USD/CHF: Buy At 0.9770
- Chicago Federal Reserve Bank President Charles Evans said he "could be fine" with the Fed raising rates in December, but he wanted to see how the economy and inflation progressed before deciding. Indeed, he cautioned that it might be better to wait for inflation to rise closer to the Fed's 2% target before moving. Evans has repeatedly expressed concern on the U.S. central bank's preferred measure of inflation moving back to its target rate. It currently stands at 1.7%. Evans in his speech said any rise in inflation above the current target would be minimal in the current environment so "if it became necessary, policy wouldn't have to do much work to lower inflation expectations back down to 2%."

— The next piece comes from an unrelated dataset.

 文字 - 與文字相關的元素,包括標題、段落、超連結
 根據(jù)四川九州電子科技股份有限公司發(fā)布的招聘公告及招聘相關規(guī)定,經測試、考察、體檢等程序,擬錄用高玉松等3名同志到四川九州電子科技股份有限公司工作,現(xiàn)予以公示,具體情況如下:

- The Chicago Fed president does not have a vote this year on Fed policy but will become a voting member in 2017. Still, currently he does participate fully in deliberations.
- Traders currently predict a roughly 70% probability that the U.S. central bank will raise rates at its December meeting. Investors are looking to Wednesday's release of minutes of the latest Federal Reserve Open Market Committee meeting and Janet Yellen’s speech on Friday to see how close the Fed was to hiking rates last month.

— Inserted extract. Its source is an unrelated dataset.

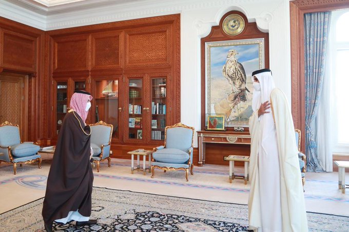 ونقل سمو وزير الخارجية خلال الاستقبال، تحيات خادم الحرمين الشريفين الملك سلمان بن عبد العزيز آل سعود، وصاحب السمو الملكي الأمير محمد بن سلمان بن عبد العزيز ولي العهد نائب رئيس مجلس الوزراء وزير الدفاع، لأخيهما سمو أمير دولة قطر، الذي حمله نقل تحياته وتقديره لهما – حفظهما الله – ، ولحكومة وشعب المملكة العربية السعودية.

- The dollar hit an 11-week high against a basket of major currencies on Tuesday . We have raised our USD/CHF bid to 0.9770, near 14-day exponential moving average.
AUD/NZD: Stay Bullish
- New Zealand's central bank reiterated on Tuesday that further policy easing will be needed to ensure that the inflation rate increases and settles near the middle of its target range.

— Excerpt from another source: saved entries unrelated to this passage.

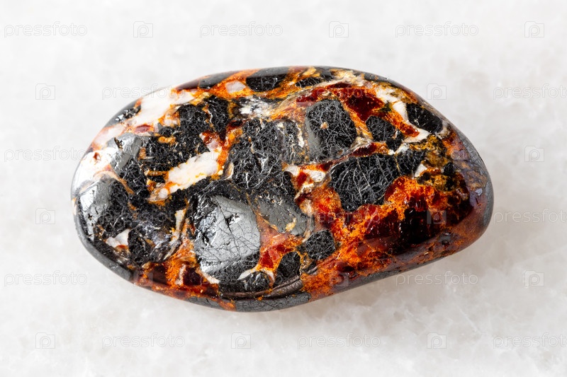 Полированный франклинит и цинцитовые минералы на белом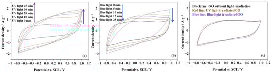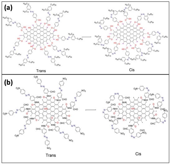 The structure of GO-AZO and GQD-AZO composites and their photoisomerization is shown in Figure 8a,b, respectively. The trans-state appears linear visually, and then conforms to the contracted cis state after absorbing energy in the form of light stimulation. Figure 8a describes the isomerization of an azobenzene group functionalized on GQDs via hydrogen bonding []. Figure 8b describes the isomerization of an azobenzene group functionalized on GO via covalent bonding [].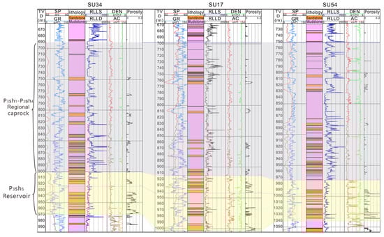 The reservoir–caprock assemblages Shiqianfeng Formation in the study area. The wells are SU34-SU17-SU54. Their locations can be found in Figure 1c. P3sh5 is the reservoir. Mudstone and sandy mudstone are developed from P3sh1 to P3sh4. These thick, continuously distributed, well-sealed strata with poor physical properties can function as a high-quality regional caprock. SP: spontaneous potential; GR: gamma ray; RLLS: laterolog shallow resistivity; RLLD: laterolog deep resistivity; DEN: density; AC: acoustic interval transit time.

- The central bank is mandated with keeping annual inflation at between 1 and 3%. The annual rate was 0.4%in the second quarter. In a speech, Assistant Governor John McDermott said that September quarter inflation, to be announced October 18, is expected to be low.
- The central bank kept the official cash rate on hold at 2.0% in September but left the door open for more rate cuts. McDermott said: “Our current projections and assumptions indicate that further policy easing will be required to ensure that future inflation settles near the middle of the target range.”
- The assistant governor's speech has sparked a new bout of selling on the NZD as traders continue to price in a rate cut at their November meeting. We stay bullish on the AUD/NZD.